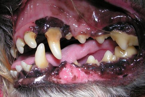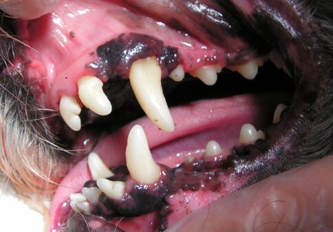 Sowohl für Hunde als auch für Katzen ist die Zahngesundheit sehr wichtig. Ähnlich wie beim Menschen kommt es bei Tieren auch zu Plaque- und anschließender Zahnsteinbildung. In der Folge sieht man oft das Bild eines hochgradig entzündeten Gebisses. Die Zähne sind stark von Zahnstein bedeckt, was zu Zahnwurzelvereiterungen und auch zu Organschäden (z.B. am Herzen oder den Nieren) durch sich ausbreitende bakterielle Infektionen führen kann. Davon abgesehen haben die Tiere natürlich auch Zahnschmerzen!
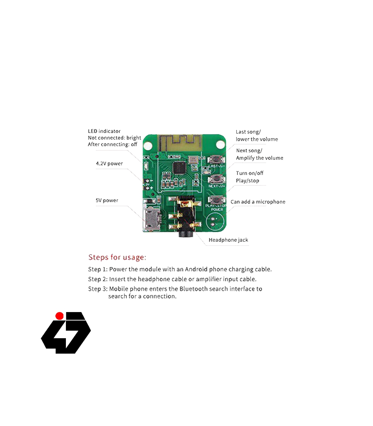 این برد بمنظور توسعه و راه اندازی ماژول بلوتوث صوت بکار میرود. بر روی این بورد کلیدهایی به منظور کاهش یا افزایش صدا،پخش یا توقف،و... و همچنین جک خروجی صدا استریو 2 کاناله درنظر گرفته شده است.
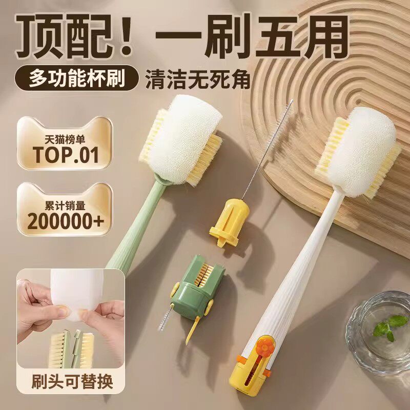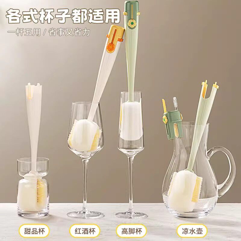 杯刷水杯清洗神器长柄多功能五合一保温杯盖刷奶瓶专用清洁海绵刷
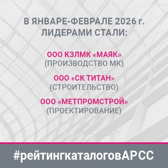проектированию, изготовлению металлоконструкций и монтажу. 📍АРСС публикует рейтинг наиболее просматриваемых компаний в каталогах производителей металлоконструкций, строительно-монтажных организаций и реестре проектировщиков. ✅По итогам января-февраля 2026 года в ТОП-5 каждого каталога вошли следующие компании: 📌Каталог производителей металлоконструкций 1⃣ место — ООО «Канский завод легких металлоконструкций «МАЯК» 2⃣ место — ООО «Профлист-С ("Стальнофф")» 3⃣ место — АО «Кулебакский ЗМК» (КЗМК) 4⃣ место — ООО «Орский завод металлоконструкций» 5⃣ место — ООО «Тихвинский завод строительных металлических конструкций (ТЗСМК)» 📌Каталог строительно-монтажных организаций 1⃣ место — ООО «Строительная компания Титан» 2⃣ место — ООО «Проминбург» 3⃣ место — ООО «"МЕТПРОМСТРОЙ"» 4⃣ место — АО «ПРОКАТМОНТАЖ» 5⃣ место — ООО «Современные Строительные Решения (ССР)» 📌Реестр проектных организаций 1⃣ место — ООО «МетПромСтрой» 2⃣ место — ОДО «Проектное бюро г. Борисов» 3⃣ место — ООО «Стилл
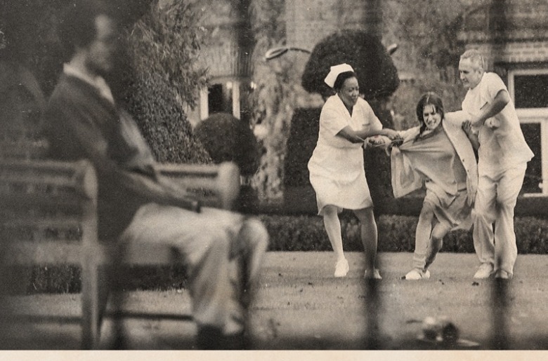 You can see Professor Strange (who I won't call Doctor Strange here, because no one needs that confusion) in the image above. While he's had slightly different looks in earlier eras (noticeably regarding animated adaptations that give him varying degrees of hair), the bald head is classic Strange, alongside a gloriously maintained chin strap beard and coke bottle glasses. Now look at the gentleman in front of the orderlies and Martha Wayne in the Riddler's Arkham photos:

...

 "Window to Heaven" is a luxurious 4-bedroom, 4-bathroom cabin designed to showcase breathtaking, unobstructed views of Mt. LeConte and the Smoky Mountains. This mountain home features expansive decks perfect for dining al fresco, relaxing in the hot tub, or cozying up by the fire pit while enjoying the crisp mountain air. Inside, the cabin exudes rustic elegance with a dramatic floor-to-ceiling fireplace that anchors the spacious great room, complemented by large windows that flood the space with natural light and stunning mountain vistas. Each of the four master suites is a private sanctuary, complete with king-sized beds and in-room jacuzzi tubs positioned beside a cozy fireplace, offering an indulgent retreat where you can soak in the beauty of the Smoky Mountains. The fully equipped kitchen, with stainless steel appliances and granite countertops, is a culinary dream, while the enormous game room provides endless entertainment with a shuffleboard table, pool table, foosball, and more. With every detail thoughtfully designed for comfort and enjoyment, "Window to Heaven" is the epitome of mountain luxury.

...

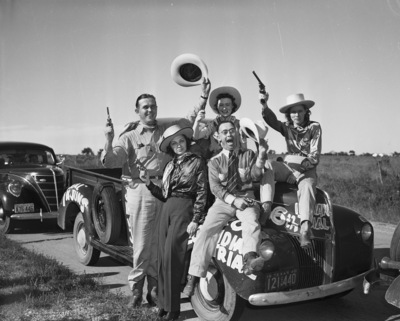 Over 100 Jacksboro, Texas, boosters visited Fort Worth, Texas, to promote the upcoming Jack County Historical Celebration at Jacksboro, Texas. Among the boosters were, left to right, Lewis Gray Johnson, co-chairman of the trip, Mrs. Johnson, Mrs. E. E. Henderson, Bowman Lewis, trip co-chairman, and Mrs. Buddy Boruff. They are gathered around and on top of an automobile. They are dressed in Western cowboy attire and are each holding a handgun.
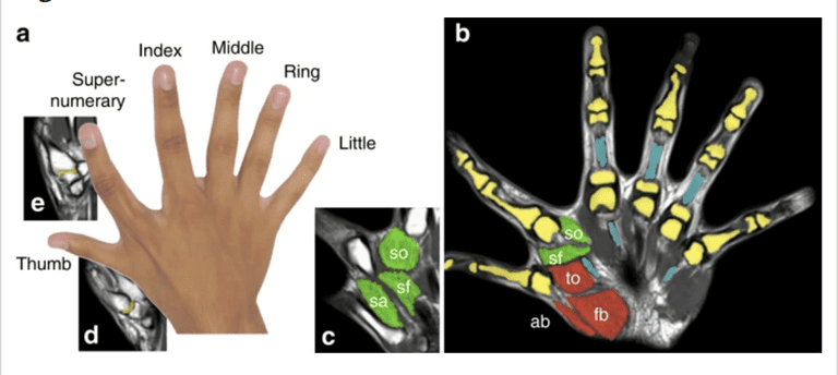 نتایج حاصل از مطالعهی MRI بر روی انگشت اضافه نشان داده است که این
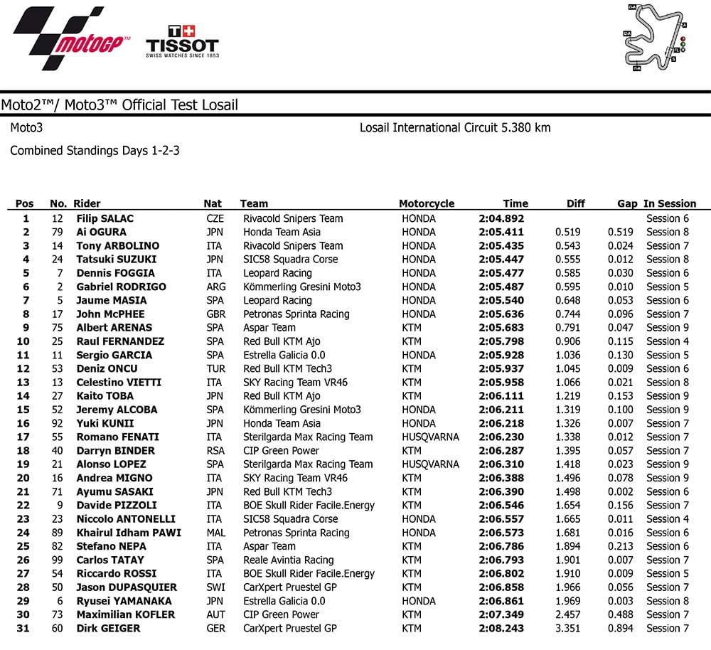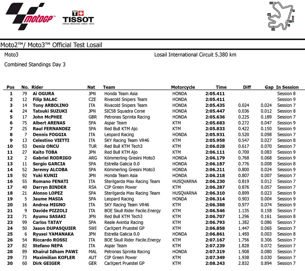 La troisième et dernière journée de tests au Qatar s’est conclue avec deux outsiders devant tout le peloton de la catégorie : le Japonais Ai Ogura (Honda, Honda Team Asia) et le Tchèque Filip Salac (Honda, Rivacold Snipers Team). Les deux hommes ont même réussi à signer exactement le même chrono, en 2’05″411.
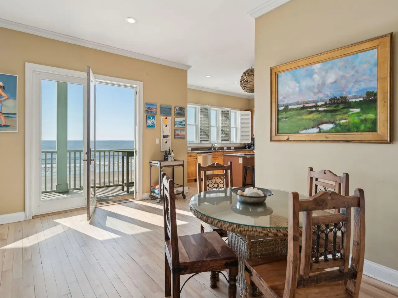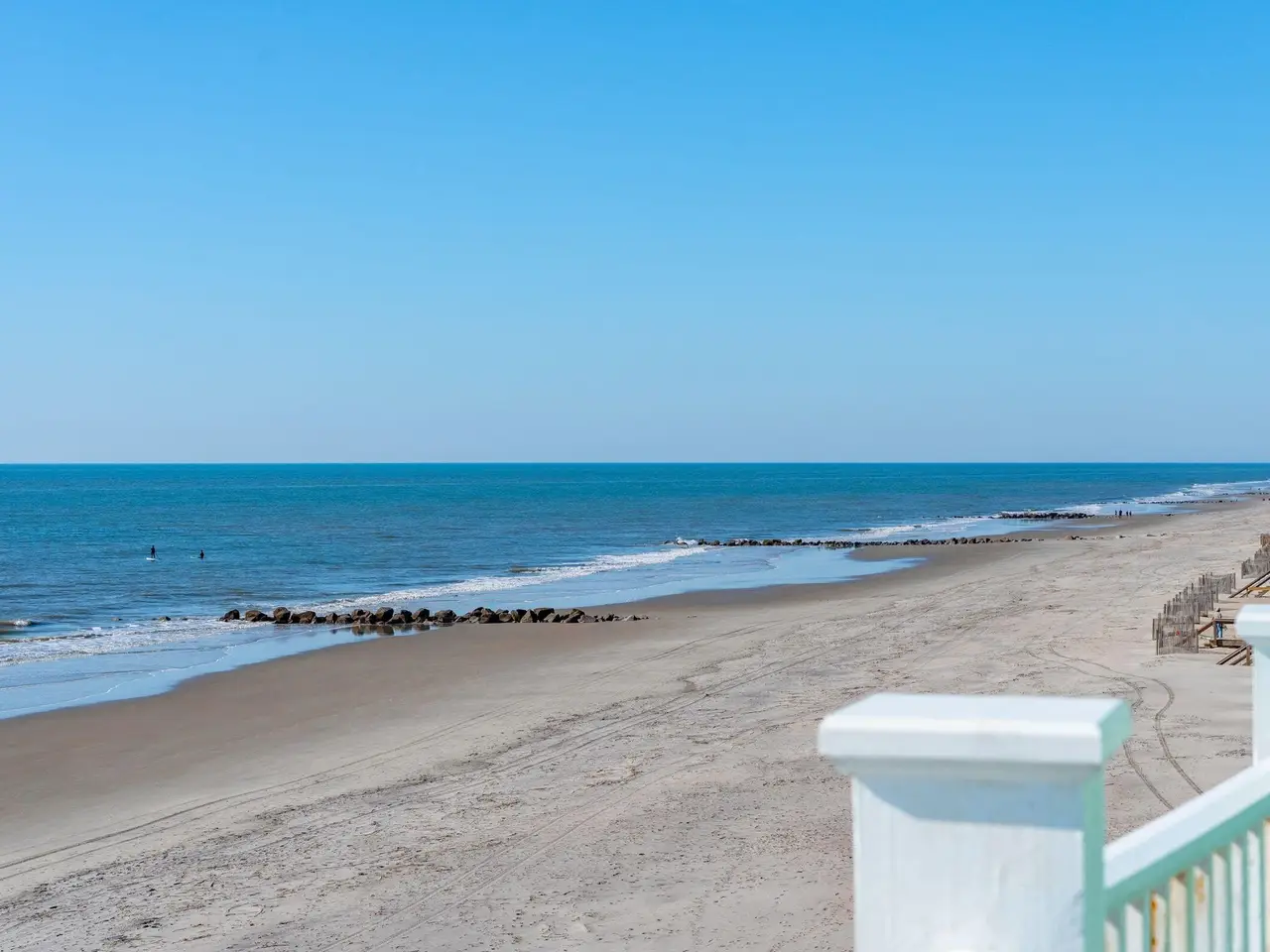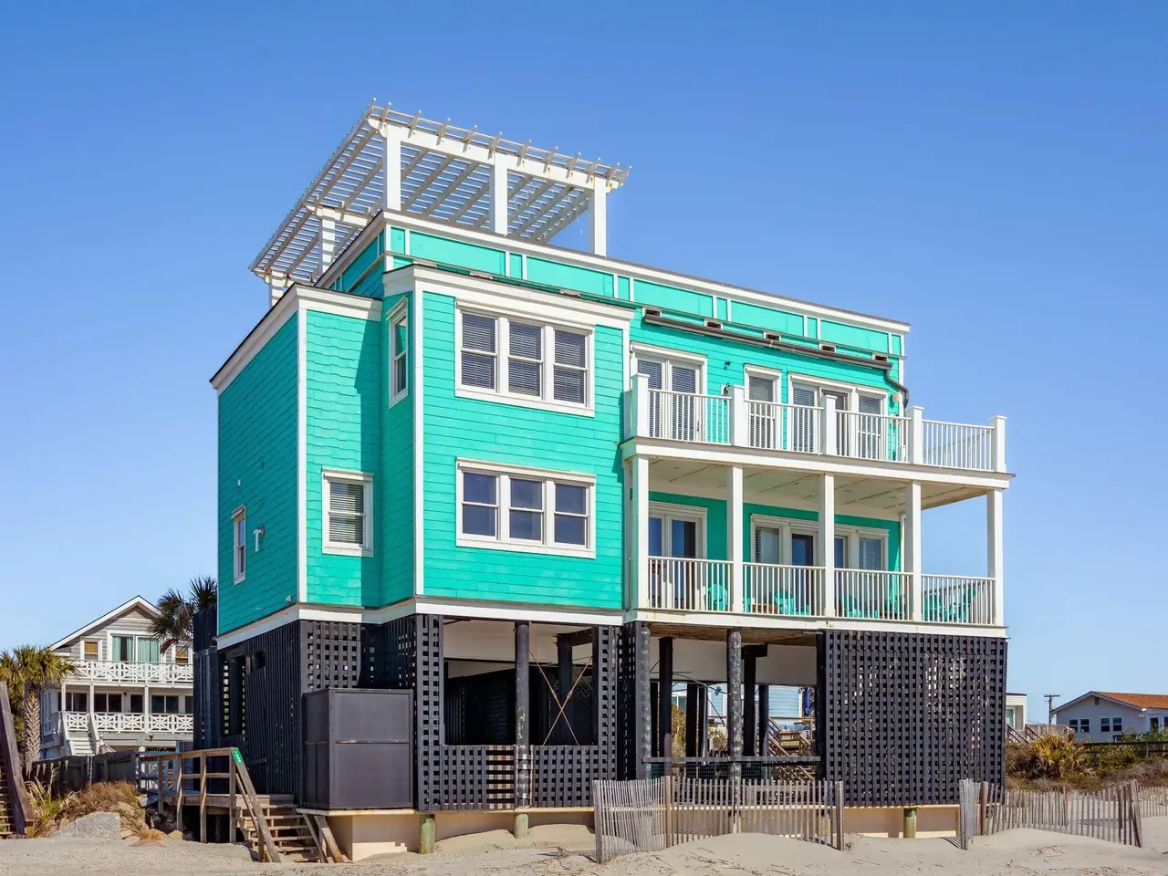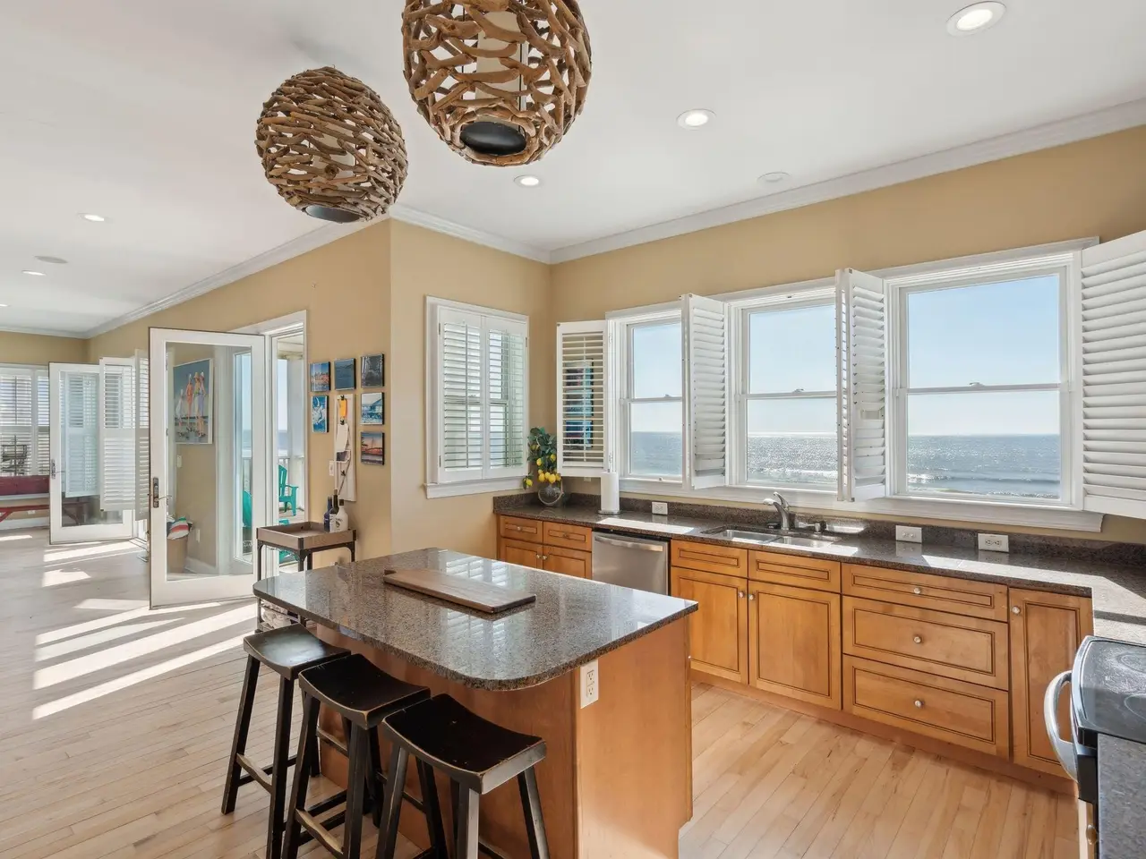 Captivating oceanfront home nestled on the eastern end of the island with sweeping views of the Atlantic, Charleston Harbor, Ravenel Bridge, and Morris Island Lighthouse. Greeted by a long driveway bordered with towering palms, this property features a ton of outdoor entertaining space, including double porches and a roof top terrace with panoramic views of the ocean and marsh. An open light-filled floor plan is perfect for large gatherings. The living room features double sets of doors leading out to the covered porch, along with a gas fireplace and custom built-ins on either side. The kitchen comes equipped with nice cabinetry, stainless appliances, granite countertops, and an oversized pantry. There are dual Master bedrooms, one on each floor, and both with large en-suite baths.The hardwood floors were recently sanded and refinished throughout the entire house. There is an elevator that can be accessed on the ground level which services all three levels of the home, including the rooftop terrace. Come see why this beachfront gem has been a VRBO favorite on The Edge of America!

PROBLEM:
Could you transcribe exactly the entries above, but only the lines from the one with "Over 100 Jacksboro, Texas, boosters" through the one with "نتایج حاصل از", and without pictures?

RESULT BELOW:
 Over 100 Jacksboro, Texas, boosters visited Fort Worth, Texas, to promote the upcoming Jack County Historical Celebration at Jacksboro, Texas. Among the boosters were, left to right, Lewis Gray Johnson, co-chairman of the trip, Mrs. Johnson, Mrs. E. E. Henderson, Bowman Lewis, trip co-chairman, and Mrs. Buddy Boruff. They are gathered around and on top of an automobile. They are dressed in Western cowboy attire and are each holding a handgun.
 نتایج حاصل از مطالعهی MRI بر روی انگشت اضافه نشان داده است که این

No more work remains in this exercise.